Bankruptcy Trustees are Filing Lawsuits to ‘Claw Back’ College Tuition Payments

by San Antonio Attorney

Bankruptcy trustees are filing lawsuits against universities and even college students to recover tuition payments as part of an assertive and flourishing legal strategy.

Parents who declare bankruptcy after spending money on the soaring price of college tuition could be scrutinized by bankruptcy trustees who claim that the money they obtained should have been allocated to pay their increasing debts.

The University of Maryland, College Park has refused to return $61,595.33 in tuition payments that a couple had paid for their son beginning in 2010.  The lawyer of the school has stated in a court filing that if the trend continues, it will spoil the relationship between parents and children.

The legal cases show an unexpected effect that bankruptcy can cause for families.  Going through this would be hard both for the parents and their child be horrible, according to sociologist Deborah Thorne.

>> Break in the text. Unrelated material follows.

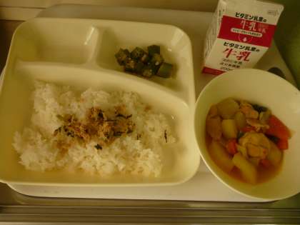 7月3日(木)の給食は、ごはん・牛乳・鶏肉と一口がんもの煮物・オクラの梅風味・ツナっ葉炒めです。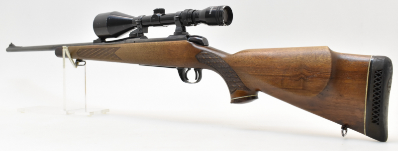 Jagdrepetierer mit spiegelblankem Lauf und Stecherabzug. Das vordere Züngel wird zum Einstechen nach vorn gedrückt. Dunkles Schaftholz mit Backe und Pistolengriff, Schaftlänge gemessen von vorderen Abzug bis Mitte Schaftkappe 38cm. Fühl-und sichtbarer Signalstift oben am Schloss zur "gespannt" Anzeige. Montiert ist ein Tasco 3-12x56 Abs. 1 mittels einer Kontra Einhakmontage.

Several bankruptcy attorneys said students are a reasonable target for lawsuit, though trustees do not often do that since it is very unlikely for them to afford a debt repayment.  A study shows that in 2008 there were a number of cases in which the children themselves were sued.

As an example, a Boston College graduate was sued in 2006 after his parents declared bankruptcy and later on agreed to pay $10,000. The school itself returned $3,230.

Even lawsuits that are unsuccessful can still be costly to families.  When a woman faced a lawsuit in 2013 for $12,305.70 tuition in a university, a bankruptcy judge did not allow the student to hire a free lawyer.  Fortunately, the attorney that she and her parents hired gave him a discount from his usual fee.

Since bankruptcy trustees may claw back tuition money from schools, some families said that they concerned whether their child would be asked to pay back the money, won’t be given a transcript or get expelled.